Ambassador Dobrynin opened the conversation by handing the President a brief announcement suggesting November 17th as the opening of the SALT talks, and suggesting Helsinki as the place. The President asked why Helsinki—he preferred Vienna. Ambassador Dobrynin replied that it did not make a great deal of difference to the Soviet Union, but since Helsinki had been proposed as one of the places by the Secretary of State in June, they decided to go along with that. The President said the Secretary of State had been under instructions to point out the difficulties of Helsinki. Ambassador Dobrynin replied that all the Secretary of State had said to Gromyko was, “to hell with ‘Sinki,” which is not a diplomatic suggestion. If the United States preferred some other place, this should not be too difficult.

Dr. Kissinger asked the Ambassador what they meant by preliminary discussion. He replied that this meant only the first phase of the discussions, and had no particular significance. But Ambassador Dobrynin suggested that one possible way of handling it would be by beginning in Helsinki and then moving on to Vienna. Dr. Kissinger pointed out to the Ambassador that we had to consult some Allies, but that there seemed to be no insuperable difficulties.

The President then said it would be dangerous if the talks were only a series of platitudes. Ambassador Dobrynin replied that there [Page 280]would be specific suggestions, depending on the range of our proposals, and they would probably be put in the form of several options.

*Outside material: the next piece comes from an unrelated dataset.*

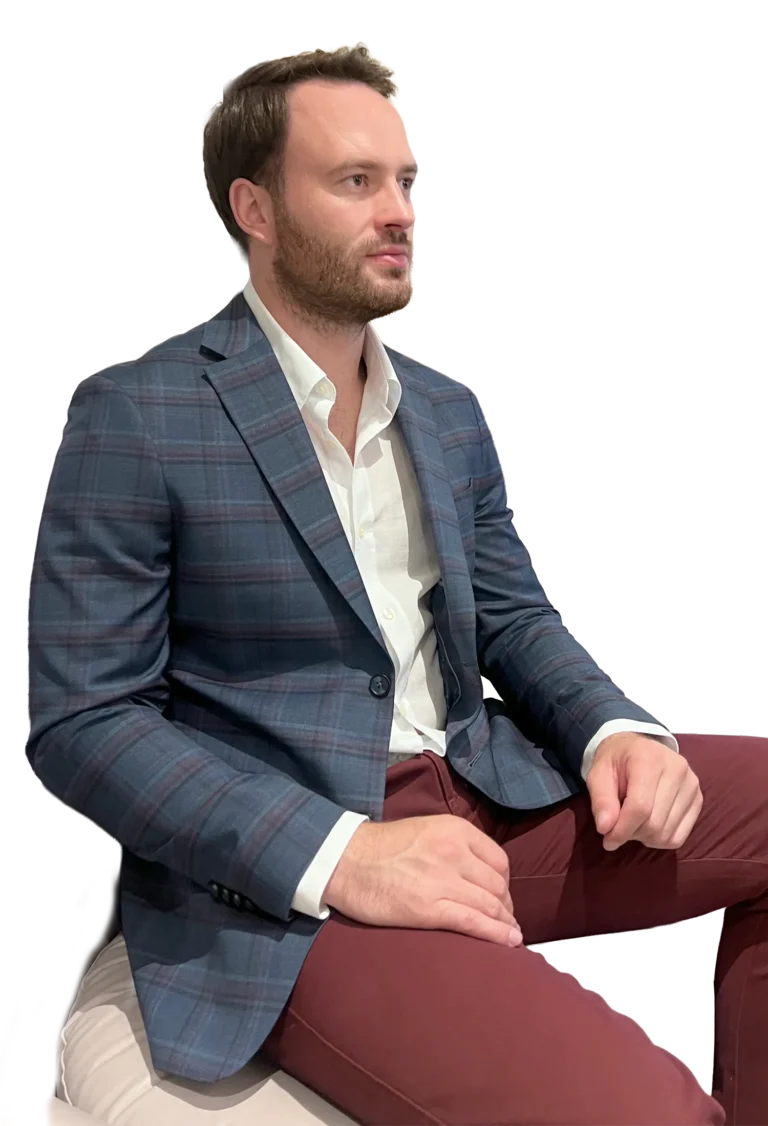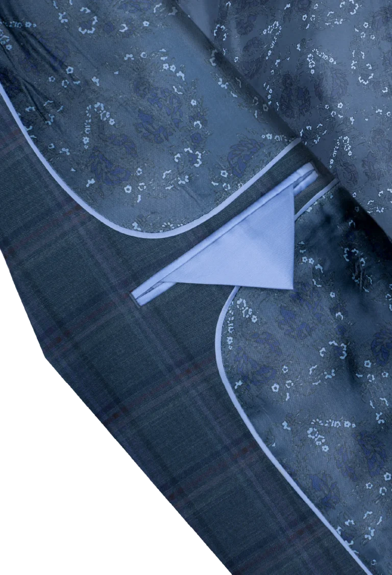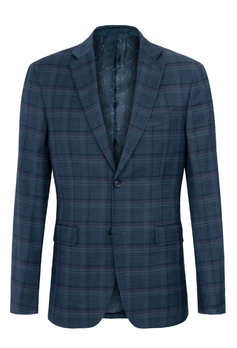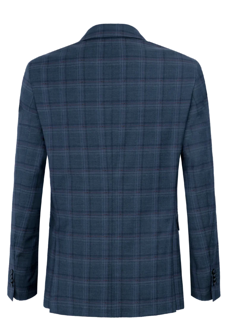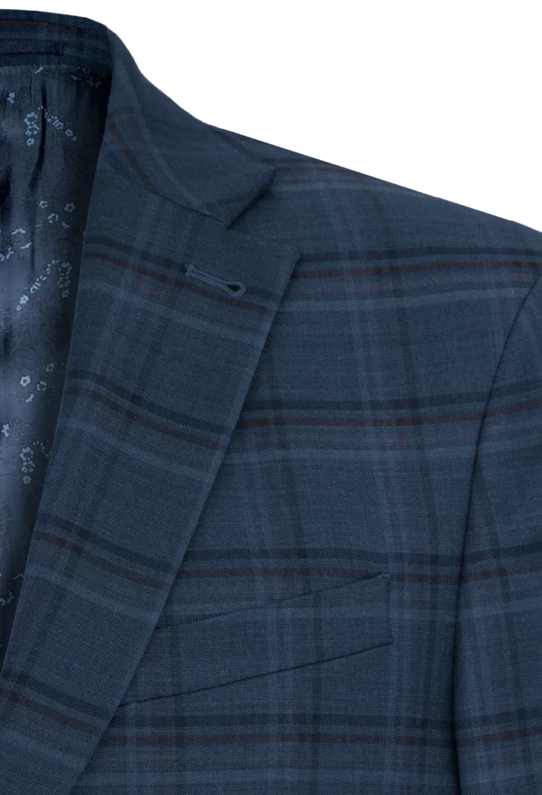 Klasyczna męska marynarka w eleganckim granatowym kolorze z delikatnym wzorem w kratkę. Wykonana z wysokiej jakości tkaniny z domieszką wełny 29% — zapewnia komfort noszenia, trwałość i nienaganny wygląd przez cały dzień. Elegancka i uniwersalna – pasuje do stylizacji biznesowych i codziennych.

The Ambassador then said that President Podgorny paid close attention to good relationships with the United States, and valued this private contact that had been established, but they wanted the President to hear directly their view of international relations. The Ambassador then read the attached Aide Mémoire to the President. After he was through reading the Aide Mémoire, the President pulled out a yellow pad, handed it to Dobrynin and said, “you’d better take some notes,” and began to speak almost uninterruptedly for half an hour.

The President began by saying to Dobrynin, “you have been candid, and I will be equally so. I, too, am disappointed in US-Soviet relations. I am today, in office for nine months. The babies should have been born; instead, there have been several miscarriages. I recognize that the future of my country and of the world depends on the success the Soviet Union has in bringing us closer together. We have not done well. Let me point out why.”

Middle East. The President pointed out that Sisco and Gromyko, and Sisco and Dobrynin, have talked, but the Soviets have been taking a hard position based on total withdrawal without asking a similar sacrifice from the UAR. The President pointed out that the Soviet client had lost the war, had lost the territory, and was in no position to be extremely aggressive. Ambassador Dobrynin asked whether the President was suggesting that total withdrawal was no longer acceptable, and why a UN force was not adequate. The President said that in light of the experience with the other UN force, one would have to understand and take account of the Israeli position. We are not intransigent, the President added, and you must not be. If you are willing to press your client, we may be able to make some suggestions to Israel. Ambassador Dobrynin began to argue and the President cut him off by saying these were technical issues which should be discussed with Sisco.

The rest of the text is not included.